How does DNA work? Trying to understand parts of the process one by one, scientists today routinely perform heredity-changing experiments like the original one in 1944. At the New England Institute, for instance, Dr. Heller is studying the action of nucleic acids in a certain type of fungus. The fungus normally grows white, but one mutant strain is pink. He and his colleagues carefully extract and purify nucleic acids from the cells of the pink strain. These nucleic acids contain faulty genetic instructions—in effect, a misprinted word or words somewhere in the code—that make the mutant strain's cells handle certain chemical processes in an erroneous way and so produce an abnormal color. With a miniature needle, under a microscope, the scientists inject a strong dose of this genetic material into the nucleus of a normal fungus cell. Then they put the cell in a bath of nutrients and let it go on with its business of living. It absorbs nutrients and processes them as its genetic instructions dictate. It turns pink. The faulty instructions have superseded the cell's original ones.

When the cell divides, the faulty instructions are passed on to its daughter cells. They, too, are pink. So are all their progeny after them. Eventually, a mature fungus plant is formed—a mutant, all of its cells are pink. When it reproduces by means of spores, the spores carry the faulty instructions with them. All the new young fungi are also pink. Thus, a full-scale permanent mutation has been caused artificially.

"But not wholly artificially," Dr. Heller points out. "We use DNA that was made by nature, not by us. The dream is to take DNA and doctor it deliberately so as to cause some specific, desired change in the genetic instructions. The ultimate dream is to do this with human DNA and change Homo sapiens into Homo superior. So far, we've taken only the first few steps on that long, long road."

Before genetic instructions can be changed deliberately and specifically, it will be necessary to know precisely what the DNA code says and how it is translated into living flesh. This is a complicated task. The basic building materials of all living things are proteins, and all proteins are made from combinations of 20 amino acids. There are literally hundreds of thousands of possible ways in which these amino-acid molecules can be arranged in space and hooked together so as to form a protein molecule. "The problem is twofold," says Roy Avery, of the American Chemical Society. "Number one: Find out how all the relevant proteins are built. Number two: Find out what words in the DNA code specify each protein and how the specifications are carried out."
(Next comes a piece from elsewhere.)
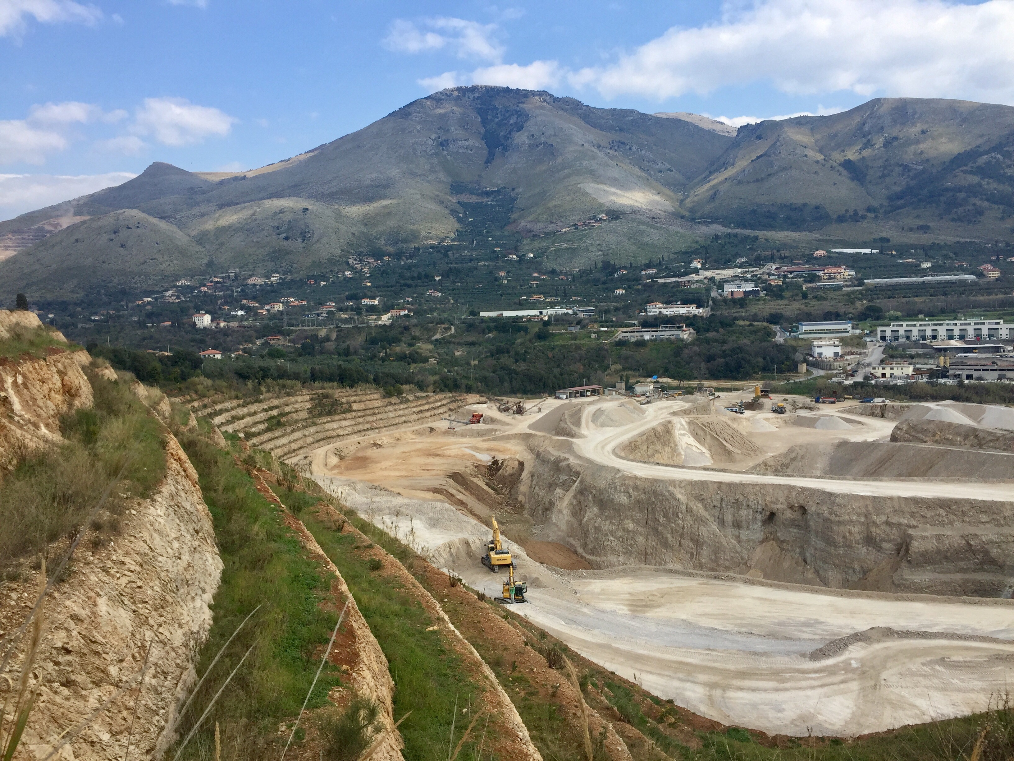 Un peu plus haut, une autre carrière. Le tractopelle est sur un des chemins du haut et pousse les cailloux dans le vide aux endroits où on voit des traces de descente.

But the job has been started. Dr. Marshall Nirenberg at the National Institutes of Health, Dr. H. Gobind Khorana of the University of Wisconsin and other researchers in Germany, Japan and Russia have now all but cracked the first stage of the code. They know what DNA code words seem to specify what amino acids—though there are still some puzzling ambiguities in the code that remain to be understood. Dr. Khorana's approach has been to make synthetic, highly simplified nucleic acids whose molecular subunits are arranged so as to spell the same word over and over again. These are, in effect, simple man-made genes. He puts such a word in a "cell-free protein synthesizing system"—essentially, a bath of amino acids, enzymes and other chemicals such as are found in the protein-making sites of a living cell. Guided by the nucleic-acid code word, the system manufactures a simple protein. Dr. Khorana then analyzes the protein to see which amino acid or acids are incorporated in it. He and others who are traveling this route find that, with some still-puzzling exceptions, a given code word always specifies the same amino acid. Other researchers using natural instead of synthetic nucleic acids corroborate the finding. One code word evidently means one amino acid throughout all of nature—in man, mouse, oak tree or amoeba (strong support for the theory that all life on earth is descended from common ancestors).
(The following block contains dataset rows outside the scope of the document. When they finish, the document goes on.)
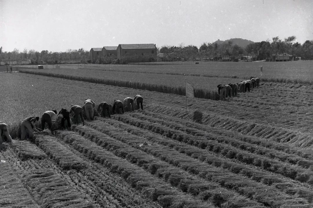 ▲早年花桥田间收割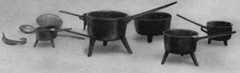 Various skillets. This kind of cookware has legs to raise it above the floor of the fireplace and coals.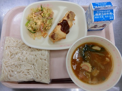 カレーうどん・アメリカンドッグ・中華サラダ・牛乳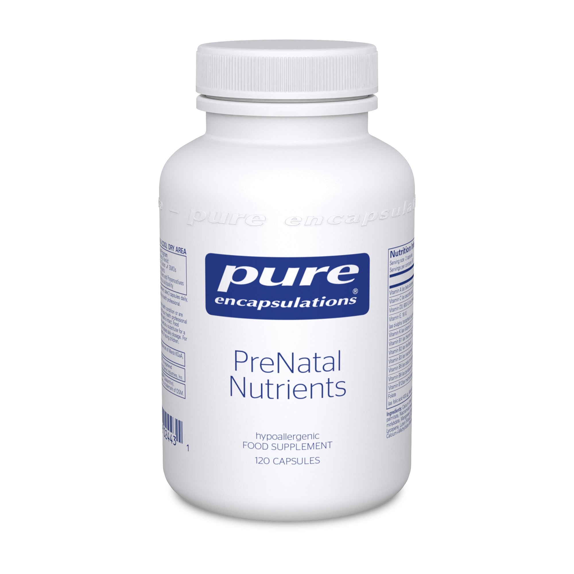 "Pure Encapsulations PreNatal Nutrients is formulated to support women of childbearing age, pregnant women and lactating women. Provides essential vitamins, minerals and nutrients based on scientific recommendations for pregnancy. Convenient and easy to take vegetarian capsules."

But there is more to life than merely manufacturing proteins. There are also complicated regulatory functions. Each creature has its characteristic shape, size, intelligence. How are these encoded in the genetic material? Granted that DNA and RNA can direct the making of protein, how do they know how much to make, at what times, in what parts of the body?

One man who is studying these questions is Professor Clement Markert, chairman of the biology department at Yale University. You began life, he points out, as a single cell. Contained in it were the complete plans for making you as you are today. That original cell divided geometrically into two, four, eight, until you were a small amorphous blob of cells, all precisely alike, all containing the same plans. But as you continued to develop, the cells began to take different chemical routes. By the time you were hauled yowling into the daylight, you contained many diverse kinds of cells: muscle, bone, liver, brain, etc.
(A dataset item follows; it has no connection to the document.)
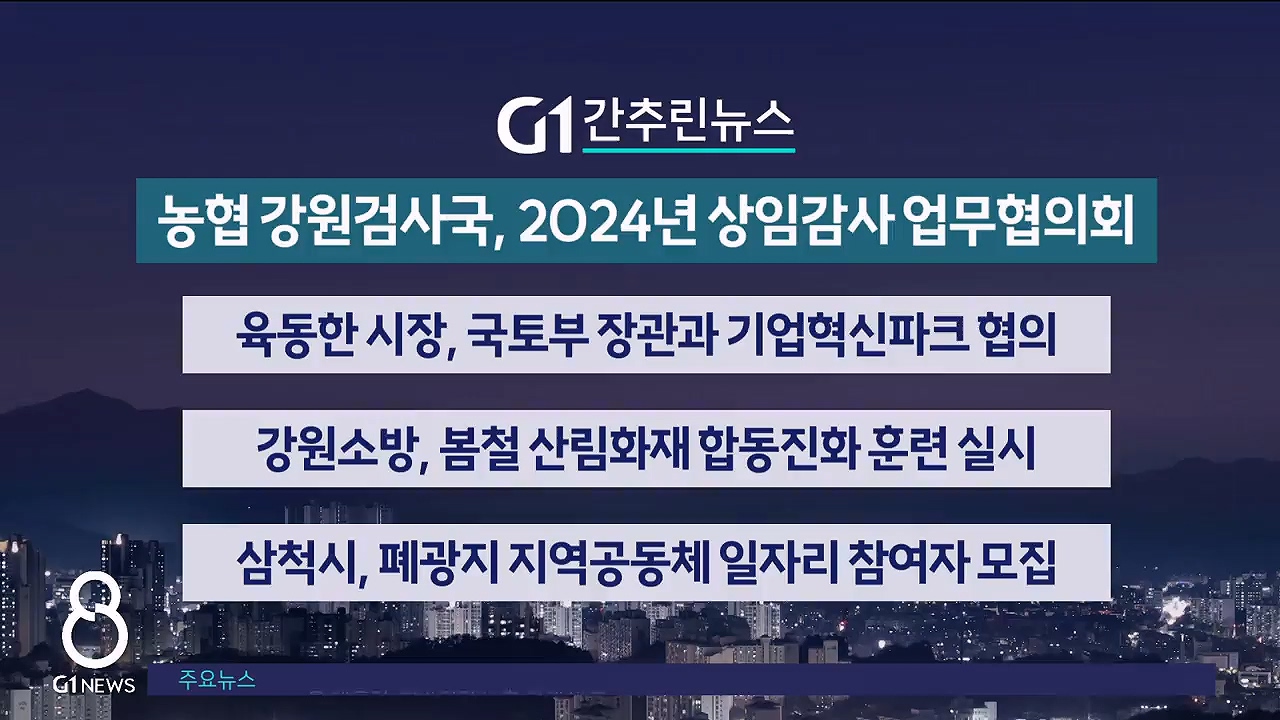 농협중앙회 강원검사국은 오늘 올해 감사방향과 추진계획을 공유하고, 사고 예방을 위한 다짐을 결의하는 등 '2024년 강원농협 상임감사 업무협의회'를 개최했습니다.

Dr. Markert wants to know how this is regulated. At what point in fetal development does a hitherto "undifferentiated" cell decide that it is going to be a liver cell, and what makes it thenceforth ignore all the genetic instructions for making bone or brain or eye tissue?

Professor Markert says there is a mechanism for switching genes on and off at certain times in certain cells. The DNA in a liver cell seems to be the same as in every other cell in the same body; but in that particular cell, the genes for making and maintaining bones and eyes and everything else but the liver are apparently switched off. This can be illustrated with frog embryos. It's possible to separate dozens or theoretically thousands of cells from a single young embryo, put them in a nutrient bath and grow a tadpole from each of them—a process much like the common horticultural system of cloning, or asexually reproducing, plants. But if you try this trick with cells from a more fully developed embryo or an adult frog, the clones won't live—presumably because some of the cells' genes have by now been switched off and no single cell any longer has a complete set of usable frog plans.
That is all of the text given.